Андрей Добров - Украденный голос. Гиляровский и Шаляпин
– …Обязательно придем! – сказал мужчина, обращаясь к невидимому собеседнику. – Конечно, время не очень удобно – пять часов, но ради такого…
– Я прослежу, чтобы Володя пришел со службы пораньше, – заверила женщина. – Мы обязательно придем, Илья Петрович!
– Это он! – прошептал Шаляпин, не оборачиваясь. – Это Войнаровский.
– Тише! – пробормотал я уголком губ.
– Вы его видите?
– Пока нет.
– Значит, договорились! – послышался мужской голос из-за двери. – Завтра в пять в лектории Старо-Екатерининской больницы. Диспут, конечно, не оперетта, но обещаю, что скучно вам, Татьяна Леонидовна, не будет.
Пара распрощалась с профессором и ушла вниз по направлению к Цветному бульвару. Дверь закрылась.
– Всё, – сообщил я Шаляпину. – Ушли. Можно оборачиваться.

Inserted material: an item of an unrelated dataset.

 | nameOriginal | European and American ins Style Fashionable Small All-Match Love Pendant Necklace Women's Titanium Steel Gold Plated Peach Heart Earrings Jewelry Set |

– Ну каков профессор? Вы разглядели?
– Не удалось. Он все время стоял за дверью.
– Черт!
– Ничего страшного! Завтра он выступает в лектории – вы слышали?
– Да.
– Там и посмотрим на него. Хотите?
– Что вы спрашиваете, Владимир Алексеевич! Ни за что не пропущу!

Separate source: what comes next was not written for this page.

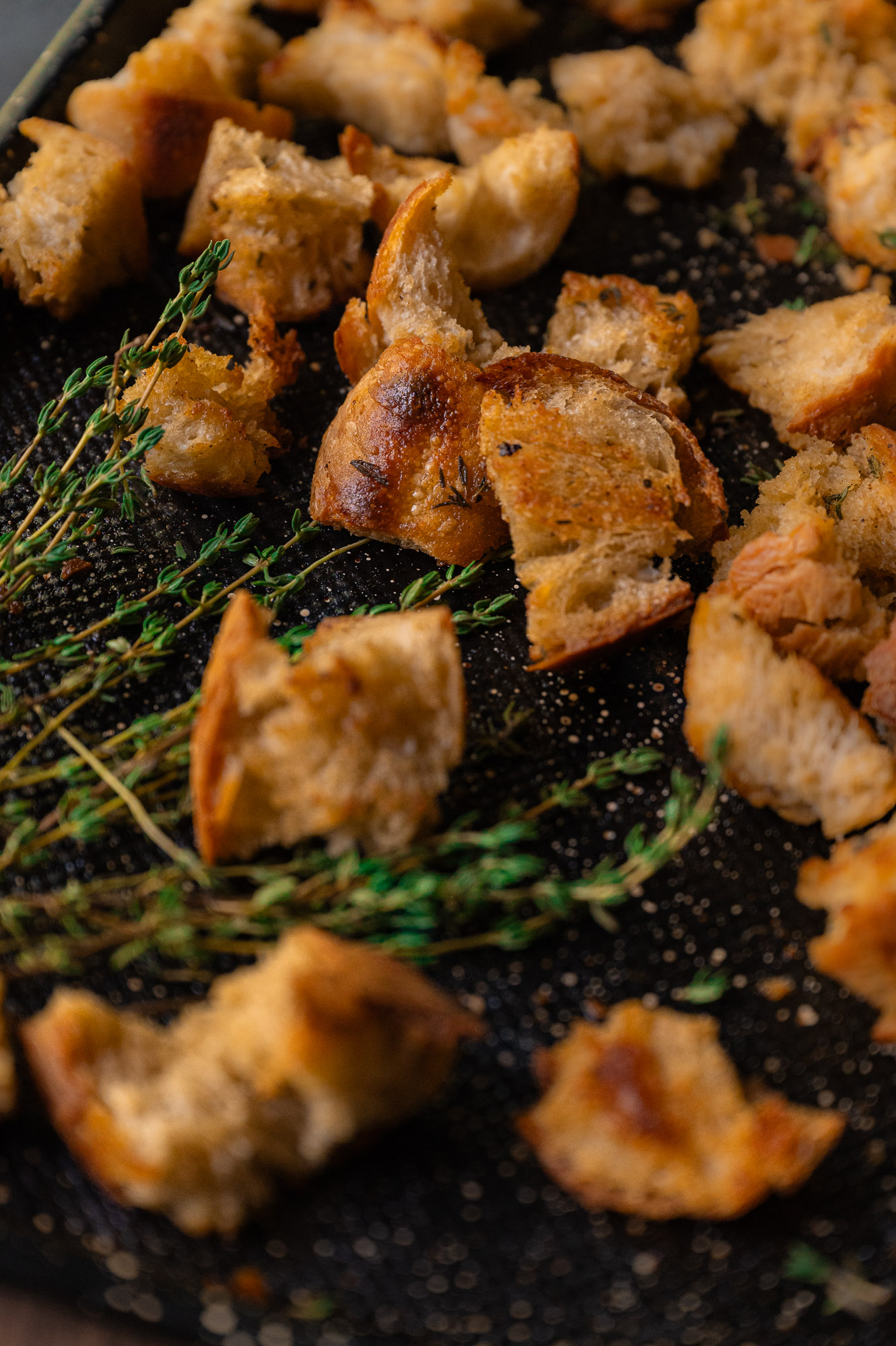 This recipe uses day-old sourdough bread, butter, olive oil, garlic powder, and thyme for the perfect balance of crunch and seasoning. They’re delicious on soups, salads, or even as a snack straight from the pan.

Мы договорились встретиться полпятого в конце Третьей Мещанской – на том и разъехались. Я поехал домой, а Шаляпин – в оперу, готовиться к спектаклю.
14
Диспут
На следующий день в полпятого вечера я стоял на Третьей Мещанской возле лектория у небольшой афиши, объявлявшей о диспуте на тему «Естественные возможности организма с участием проф. И. П. Войнаровского» и ждал Шаляпина. Время от времени подъезжали экипажи, высаживая немногочисленную «чистую» публику. Большими группами подходили студенты-медики – расхристанные и галдящие, как всякая студенческая молодежь. Приехала и та пара, которую мы вчера застали у дверей дома профессора, – я отвернулся, чтобы они ненароком не узнали мое лицо.
Без пятнадцати пять Шаляпина все еще не было. Я уже совершенно продрог на холодном ветру и начинал злиться – если Шаляпин живет на Долгоруковской, то ему до больницы добираться совсем недалеко. Но его не было и без пяти пять. Может быть, что-то случилось? Я не мог пойти на диспут без него – Шаляпин был нужен мне для четко составленного плана. Крикнув стоявшего неподалеку извозчика, я велел как можно быстрее ехать к его флигелю.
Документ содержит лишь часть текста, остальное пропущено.